# Problem details:
The answer must consist solely of the lines from the one with "Es war einmal" through the last line of the data, copied exactly, with no pictures.

# Recorded information:

============

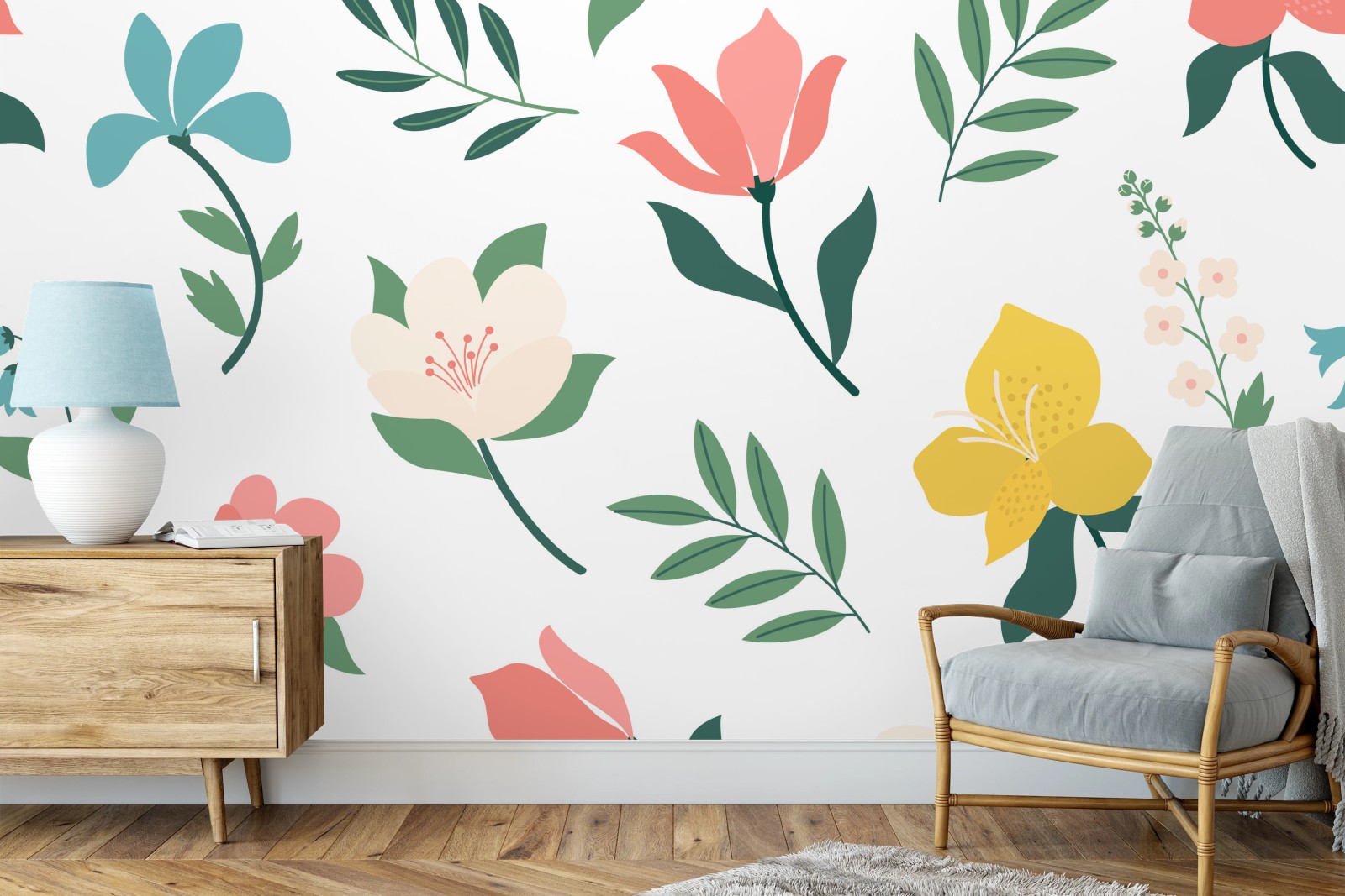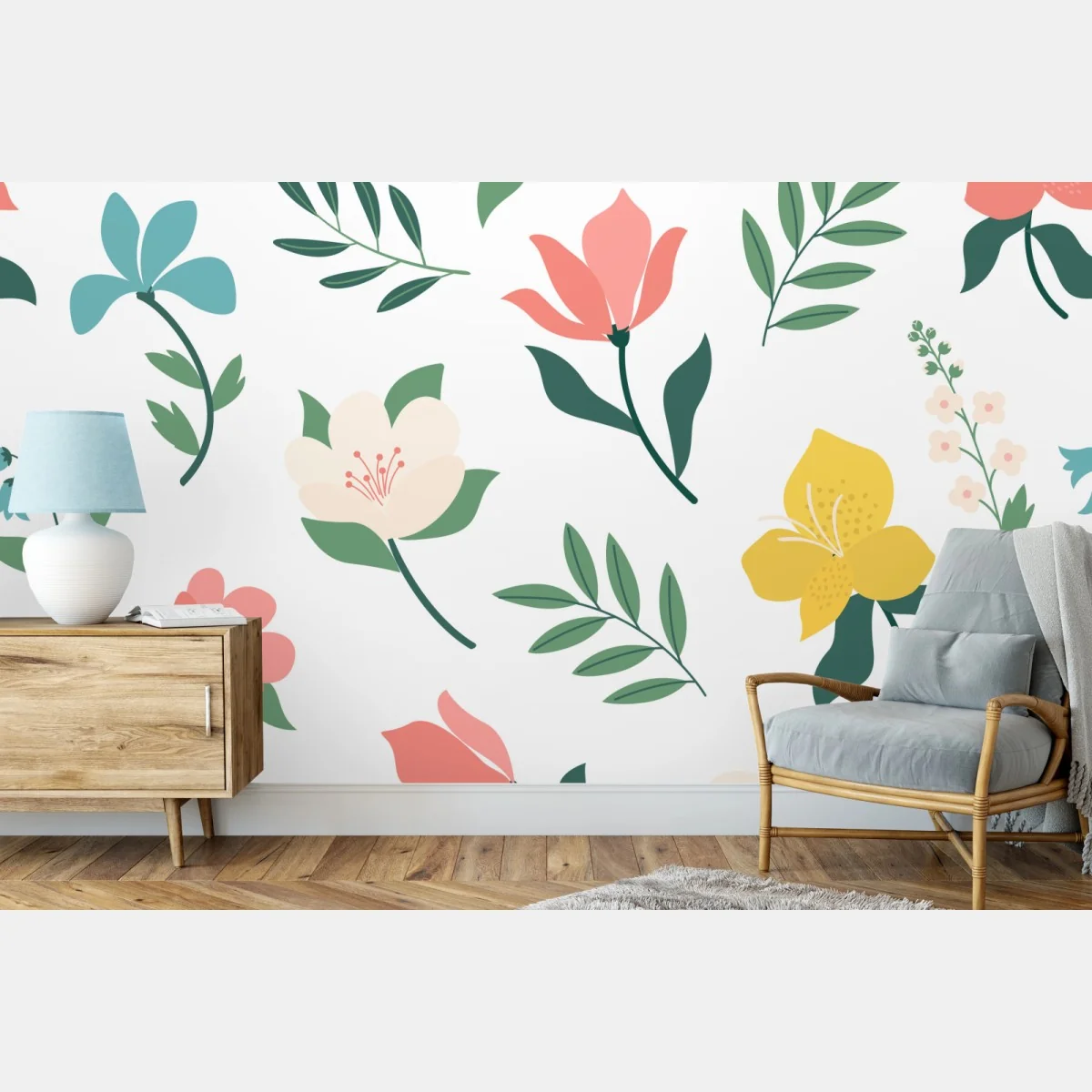 Verleihen Sie jedem Raum eine sanfte, natürliche Note mit diesem zarten Pastell-Blumenmuster, das Eleganz und Frische ausstrahlt.MehrWeniger
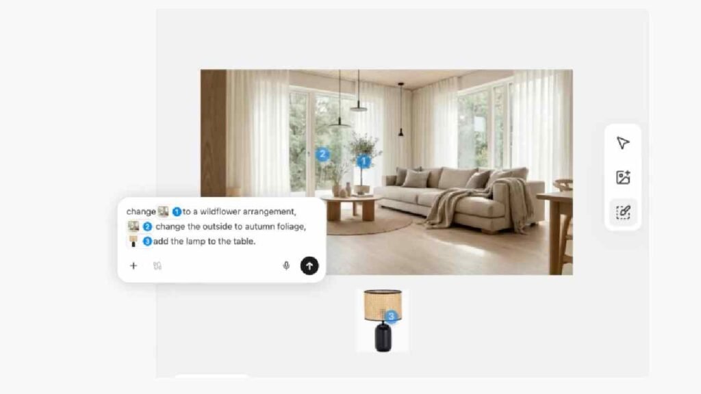 La Mark Tool funciona como un pincel inteligente. El diseñador puede simplemente marcar un objeto —por ejemplo, una mesa de centro— y pedirle a la IA que la sustituya por una estantería de estilo industrial o que cambie su material de madera a metal pulido. Lo asombroso de este sistema es que la herramienta recalcula automáticamente cómo el nuevo objeto afecta a las sombras y reflejos del entorno, manteniendo una iluminación coherente. Esta capacidad de realizar cambios «sobre la marcha» es vital en reuniones con clientes donde las decisiones deben tomarse de forma inmediata para cerrar acuerdos.
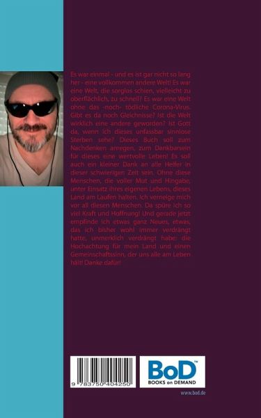 Es war einmal - und es ist gar nicht so lang her - eine vollkommen andere Welt! Es war eine Welt, die sorglos schien, vielleicht zu oberflächlich, zu schnell? Es war eine Welt ohne das -noch- tödliche Corona-Virus. Gibt es da noch Gleichnisse? Ist die Welt eine andere geworden? Ist Gott da, wenn ich dieses unfassbar sinnlose Sterben sehe? Dieses Buch soll zum Nachdenken anregen, zum Dankbarsein für dieses eine wertvolle Leben! Es soll auch ein kleiner Dank an alle Helfer in dieser schwierigen Zeit sein. Ohne diese Menschen, die voller Mut und Hingabe, unter Einsatz ihres eigenen Lebens, dieses Land am Laufen halten. Ich verneige mich vor all diesen Menschen. Da spüre ich so viel Kraft und Hoffnung! Und gerade jetzt empfinde ich etwas ganz Neues, etwas, das ich bisher wohl immer verdrängt hatte, unmerklich verdrängt habe: die Hochachtung für mein Land und einen Gemeinschaftssinn, der uns alle am Leben hält! Danke dafür!
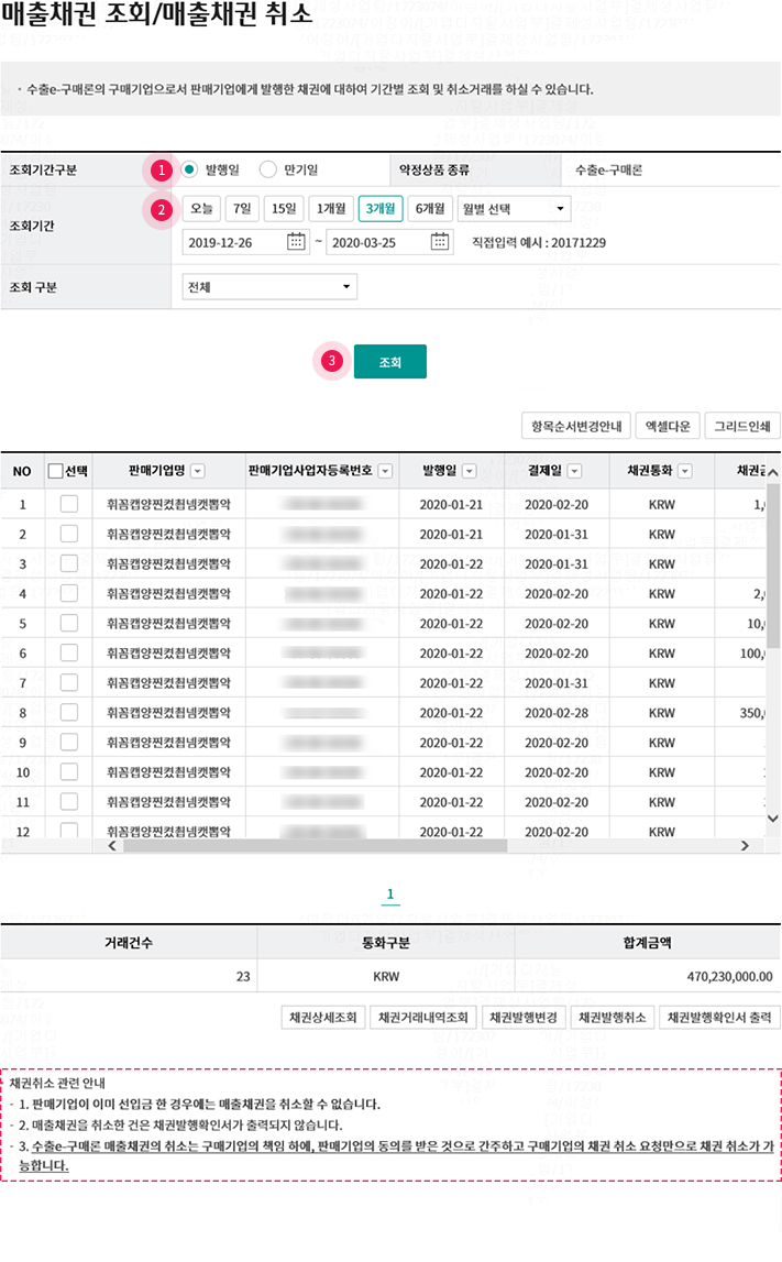 • 3. 채권발행 취소 가능하며, 구매기업 본인의 책임 하에 판매기업의 동의를 받은 것으로 간주하고, 별도의 취소 동의 절차를 진행하지 않음

============

# Reply:
 Es war einmal - und es ist gar nicht so lang her - eine vollkommen andere Welt! Es war eine Welt, die sorglos schien, vielleicht zu oberflächlich, zu schnell? Es war eine Welt ohne das -noch- tödliche Corona-Virus. Gibt es da noch Gleichnisse? Ist die Welt eine andere geworden? Ist Gott da, wenn ich dieses unfassbar sinnlose Sterben sehe? Dieses Buch soll zum Nachdenken anregen, zum Dankbarsein für dieses eine wertvolle Leben! Es soll auch ein kleiner Dank an alle Helfer in dieser schwierigen Zeit sein. Ohne diese Menschen, die voller Mut und Hingabe, unter Einsatz ihres eigenen Lebens, dieses Land am Laufen halten. Ich verneige mich vor all diesen Menschen. Da spüre ich so viel Kraft und Hoffnung! Und gerade jetzt empfinde ich etwas ganz Neues, etwas, das ich bisher wohl immer verdrängt hatte, unmerklich verdrängt habe: die Hochachtung für mein Land und einen Gemeinschaftssinn, der uns alle am Leben hält! Danke dafür!
 • 3. 채권발행 취소 가능하며, 구매기업 본인의 책임 하에 판매기업의 동의를 받은 것으로 간주하고, 별도의 취소 동의 절차를 진행하지 않음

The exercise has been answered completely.